Menurut KBO Satreskrim Polres Mempawah, Iptu Ahmad Gojali, kejadian memilukan ini bermula saat korban bersama istrinya keluar dari kamar dan mendapati Hamdani tengah menghisap lem atau yang biasa disebut “ngelem” sambil berbicara sendiri di dalam rumah.

“Khawatir mengganggu ketenangan malam, korban menegur anaknya agar tidak ribut karena sudah larut malam dan ada anggota keluarga lain yang hendak beristirahat,” ujar dia.

Namun teguran tersebut, kata Gojali, justru memicu kemarahan Hamdani. Pelaku membalas dengan nada tinggi, meski korban mengaku tidak sepenuhnya mengingat perkataan anaknya saat itu.

“Situasi semakin memanas ketika pelaku masuk ke dalam kamar, lalu kembali keluar dengan membawa sebilah pisau dapur,” ungkapnya.

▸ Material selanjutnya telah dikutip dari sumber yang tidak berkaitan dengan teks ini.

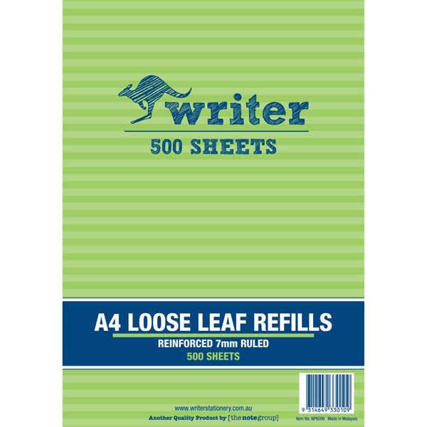 - Writer loose leaf refills can be used to refill pages in ring binders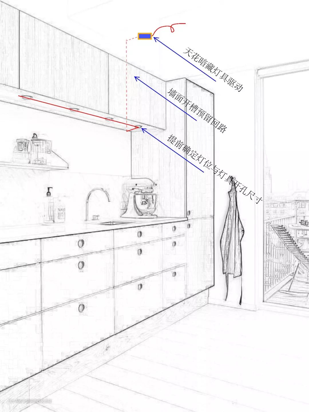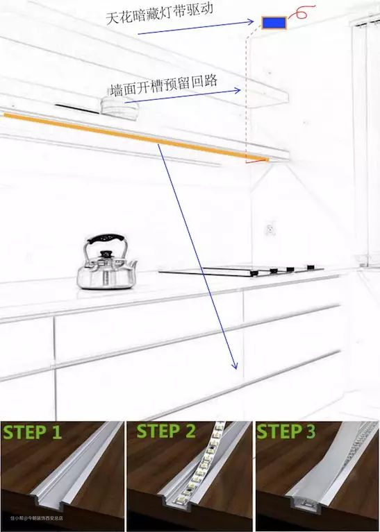① 天花预留驱动安置空间,墙面开槽预留电源回路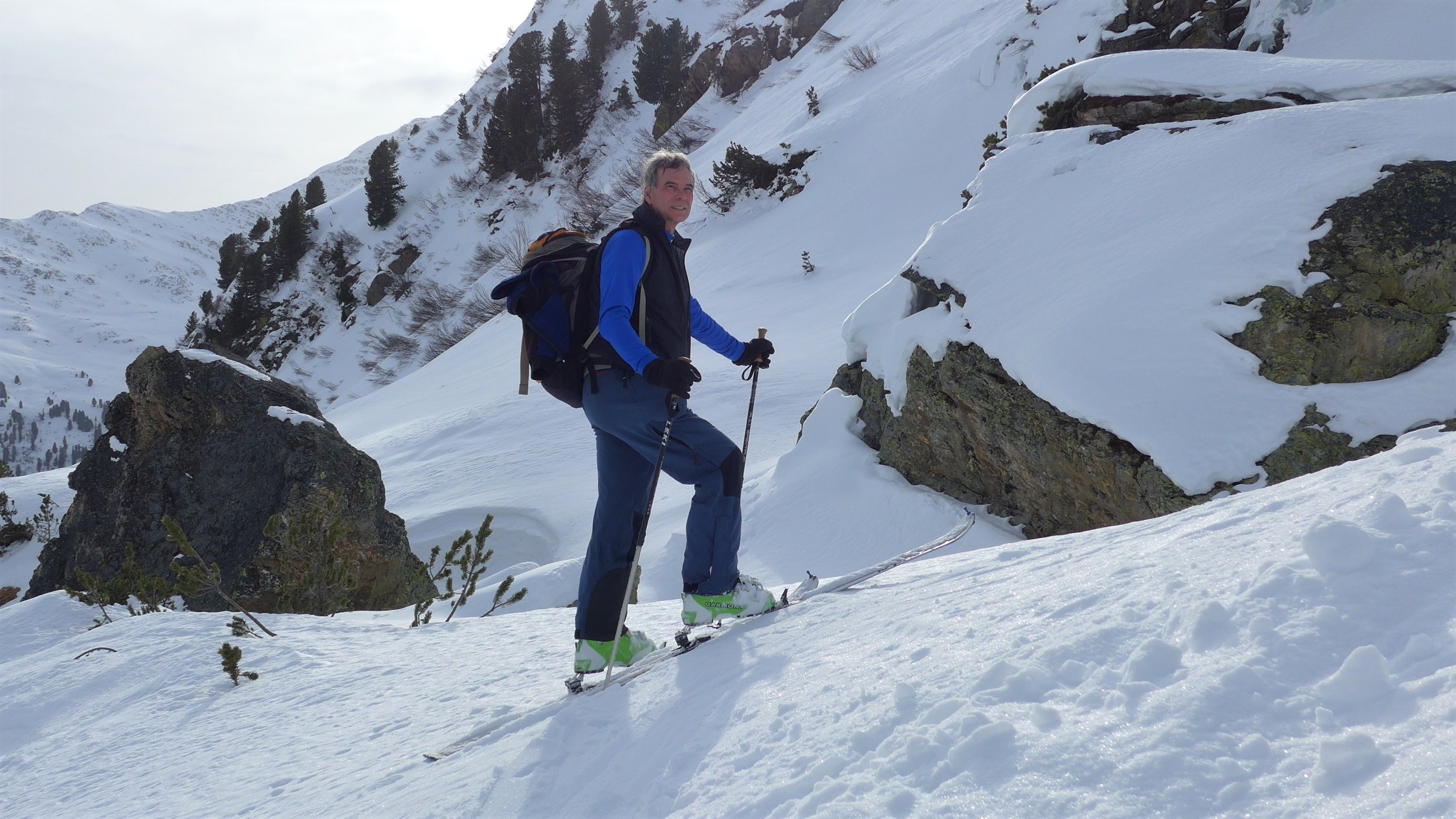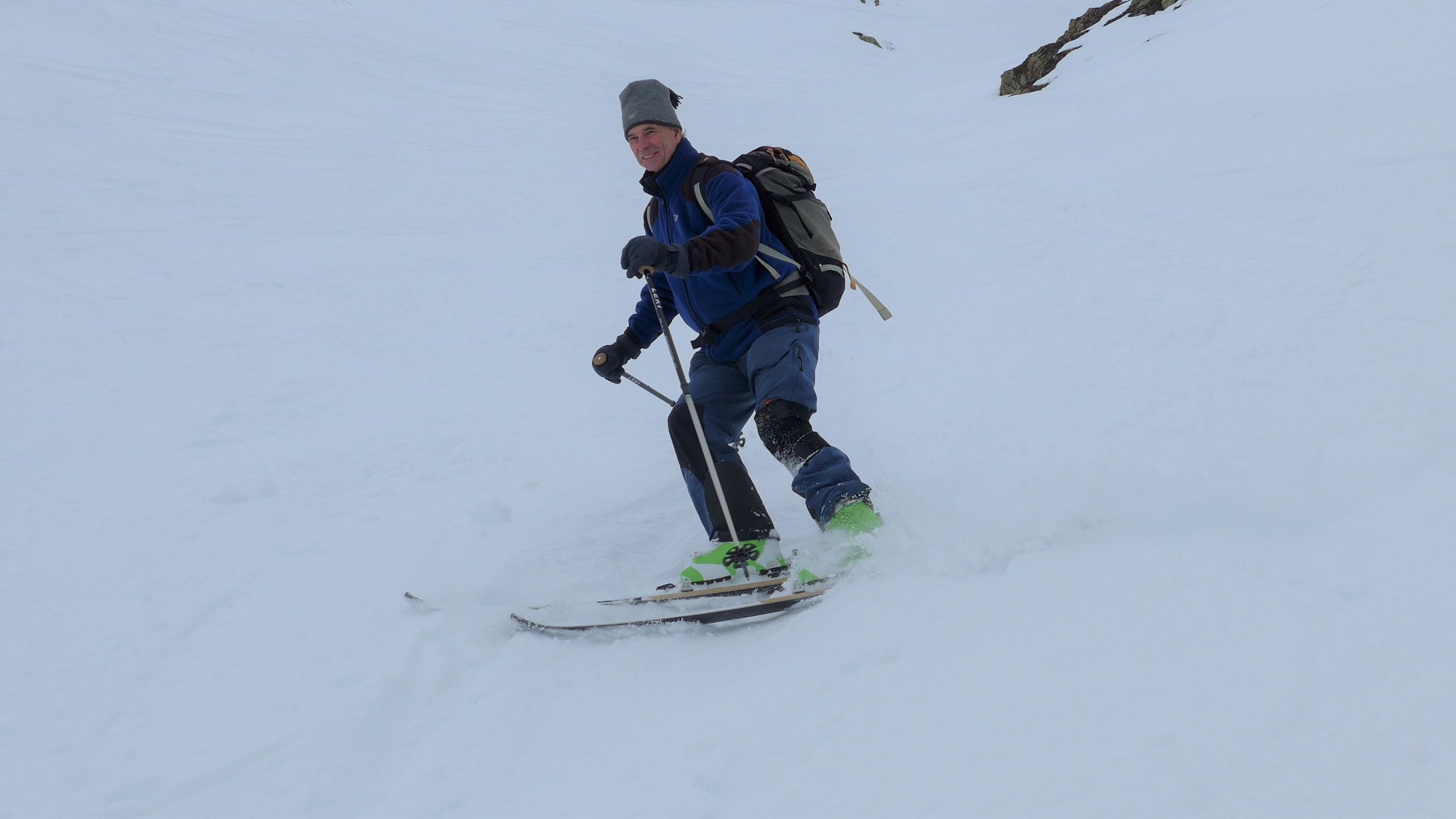 Für "Ortsunkundige" wird dann die Abfahrt rasch zum Abenteuer. Schnell steht man vor steilen Abbrüchen und muss dann wieder zurückfellen. Gut, wenn man gleich eine Portion Humor und die Motivation für zusätzliche Höhenmeter mitbringt. Sonst ist es besser, verlockende Abfahrtsspuren zu ignorieren und im Bereich des Aufstieges wieder talwärts zu schwingen.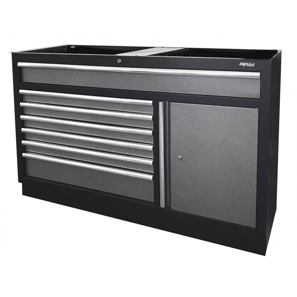 ARMOIRE NOIR/GRIS LARGE AVEC TIROIRS ET PORTE, SANS DESSUS

Tanpa banyak bicara, lanjut Gojali, Hamdani langsung menusukkan pisau tersebut ke arah lengan kiri korban hingga mengenai tubuhnya. Dalam kondisi terluka, korban berusaha menahan tangan pelaku dan mendorongnya ke arah pintu, hingga pisau di tangan pelaku patah.

Tak berhenti di situ, pelaku yang masih dikuasai emosi justru menggunakan gagang pisau yang tersisa untuk kembali menyerang korban dan mengenai bagian perutnya.

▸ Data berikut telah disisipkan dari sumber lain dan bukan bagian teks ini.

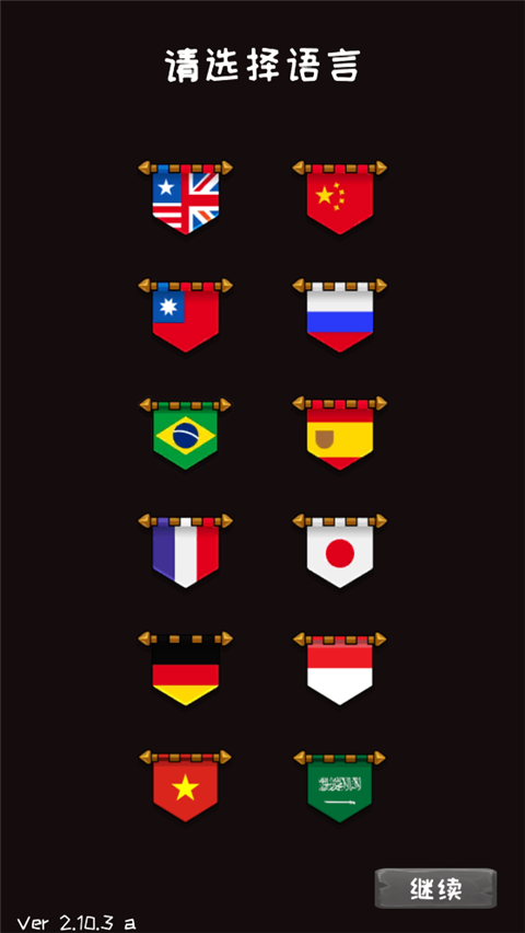 1、在本站免费下载该游戏,安装完成后打开,玩家完全能够依据自身需求选择“语言”,接着点击“继续”。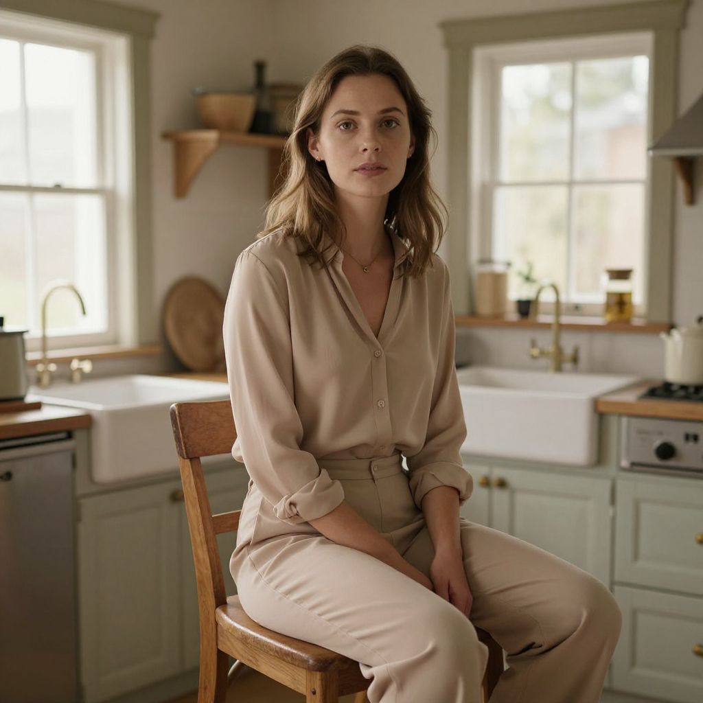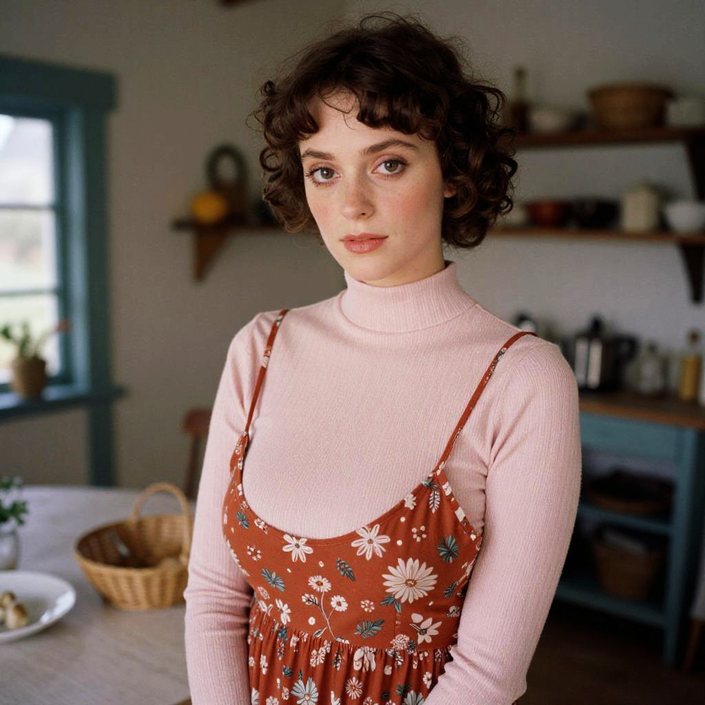 Photograph of a young woman with curly brown hair, wearing a pink turtleneck and brown floral dress, standing in a cozy kitchen.
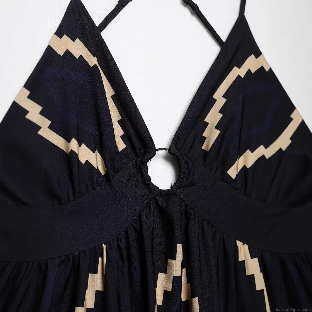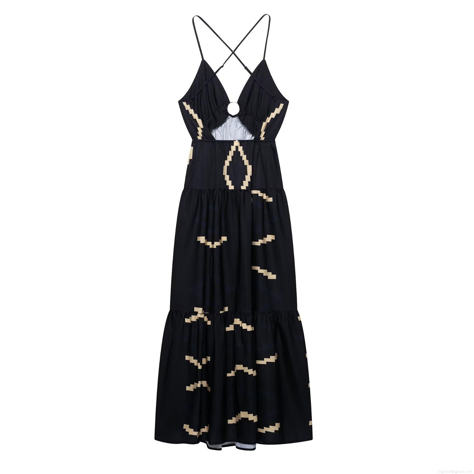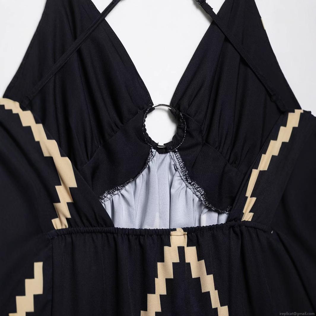 • Women Halter Backless Slit Maxi Dress Sexy V-Neck Geometric Stepped Print Polyester Sleeveless Long Dress For Summer Party Streetwear Clubwear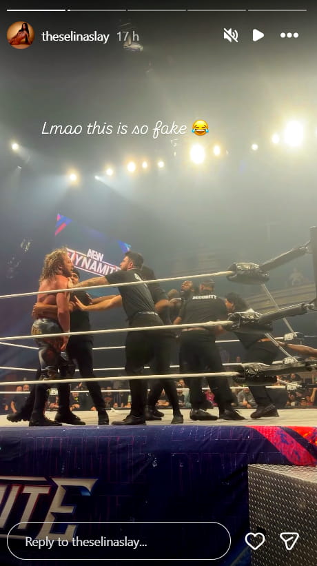 Одной из этих девушек является онлифанщица Селина Слэй (на фото она — слева за Андраде), которую, видимо, специально пригласили на шоу для поддержания образа Андраде, согласно которому он пользуется успехом у женщин. Ранее для таких целей приглашали инди-рестлерш или тех, с кем уже ранее работали (причем как в AEW, так и в WWE). Лучше бы и в этот раз обратились к проверенным кадрам, потому что Слэй у себя в соц.сетях опубликовала сторис, подписав его «Это так фальшиво».

“Melihat situasi semakin membahayakan, istri korban, Ana, bersama saksi lain bernama Sinta, segera berupaya melerai. Setelah insiden itu, pelaku langsung melarikan diri meninggalkan rumah,” ucap dia.

Akibat kejadian tersebut, Gojali mengungkapkan korban mengalami luka tusuk di beberapa bagian tubuhnya dan terhambat dalam menjalankan aktivitas sehari-hari, termasuk pekerjaannya sebagai nelayan.

Korban kemudian melaporkan kejadian ini ke Polres Mempawah. Satreskrim yang menerima laporan pada Minggu dini hari (13/4) langsung bergerak melakukan penyelidikan, termasuk mengamankan barang bukti berupa sebilah pisau yang digunakan pelaku.

Polisi juga telah melakukan interogasi terhadap korban, memeriksa saksi-saksi, dan melaksanakan visum et repertum (VER) guna mendukung proses hukum. Hingga kini, penyidikan lebih lanjut masih berjalan untuk mengungkap motif mendalam dari aksi kekerasan ini.

“Kasus ini akan diproses sesuai hukum yang berlaku. Terlapor kini diamankan dan dijerat Pasal 44 ayat (1) Undang-Undang Nomor 23 Tahun 2004 tentang Penghapusan Kekerasan Dalam Rumah Tangga,” tukasnya.